Ancien du Service des programmes des Organismes de Recherche en 1974, je confirme évidemment les propos de mon ami Frédéric d’ALLEST. J’ai rédigé l’an dernier, pour un colloque, ce témoignage :
Valéry GISCARD d’ESTAING à l’Élysée — le moratoire sur le programme ARIANE :
L’option A du « Rapport AIGRAIN » avait été adoptée sous la Présidence de Georges POMPIDOU grâce à la voix prépondérante de ce dernier : soutenue par les
« barons » du gaullisme au nom de l’indépendance nationale, elle avait rencontré le scepticisme de certains autres ministres et suscité l’opposition farouche du ministre des finances —Valéry GISCARD d’ESTAING.
Lorsque Valéry GISCARD d’ESTAING, devenu Président de la République, nomma son ami Michel d’ORNANO Ministre de l’Industrie et de la Recherche, il lui donna comme consigne d’arrêter le programme ARIANE tout fraîchement engagé. Le moratoire mis en place avait officiellement pour but de faire le bilan des
conséquences de cet arrêt avant de le formaliser…
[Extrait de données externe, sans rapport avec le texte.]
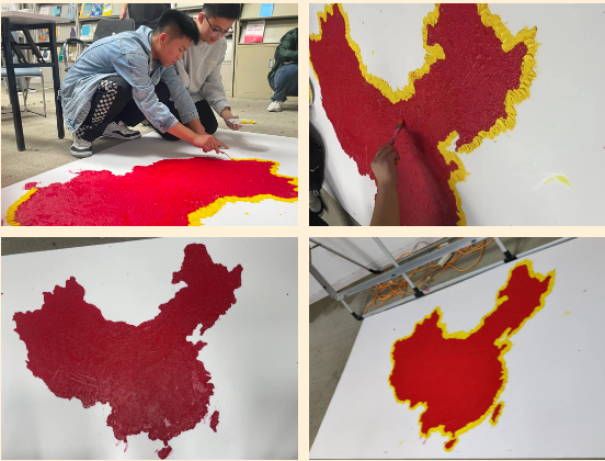 点染中国红,炽热中国心,最美中国图。颜料水彩淌过画板,光影与笑颜映衬画板。在大家的共同努力下,活动圆满结束!让我们一起欣赏一下我们美丽的祖国疆土吧!
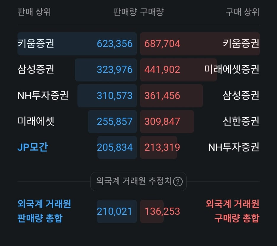 - 외국계 창구인 JP모간이 판매 상위 5위에 이름을 올리고 있습니다. 오늘 하락의 주요 원인 중 하나로 외국인의 차익 실현 혹은 비중 축소 움직임을 꼽을 수 있겠네요.

Dans les semaines qui ont suivi, les réactions stupéfaites et hostiles à cet arrêt ont été nombreuses :
•Les gaullistes de la « filiation » Michel DEBRÉ ont crié à la trahison…,
•Les industriels ont fait valoir la perte de compétence après quelques décennies d’efforts militaires et civils colossaux, les pertes d’emplois nobles, les dédits à
verser par les États,
•Les diplomates ont assuré que la France, qui venait de quasiment contraindre ses partenaires européens à venir dans ce programme, allait être la risée et se
voir vilipendée au sein de la toute neuve Agence Spatiale Européenne,
•Enfin, les dédits résultant des engagements déjà pris étaient si élevés que les budgets à prévoir pour l’Espace ne diminuaient pas vraiment, du moins à court
terme.
Après les quelques mois de recueil de tous ces éléments, Michel d’ORNANO eut le courage d’aller expliquer tout cela au Président de la République le mardi soir,
veille du Conseil des ministres qui devait prendre la décision définitive d’arrêt.
Connaissant bien l’intérêt du Président pour les aspects économiques et financiers, Michel d’ORNANO mit en avant que si nous disposions d’un tel lanceur, nous pourrions le vendre dans le monde entier, alors que les Russes et les Américains n’étaient pas disposés, d’après leur politique du moment, à le faire.
Valéry GISCARD d’ESTAING se laissa fléchir par tous ces arguments, mais sans pour autant vouloir se déjuger et en bougonnant : il demanda à Michel d’ORNANO
de revenir le mardi soir suivant, pour décision au Conseil des ministres suivant, avec l’« Étude de marché » démontrant ces fameuses perspectives
commerciales !!!
(…………..)
La décision de reprise du programme :
Elle fut claironnée la semaine suivante, à l’issue du Conseil des ministres, sur le perron de l’Élysée : les perspectives commerciales éblouissantes étaient un
argument de poids…

Christine de ROUBINrépondre
23 février 2021 à 0 h 26 min

N’oublions pas que le programme Ariane fait suite à Europa (6 tirs, 6 échecs).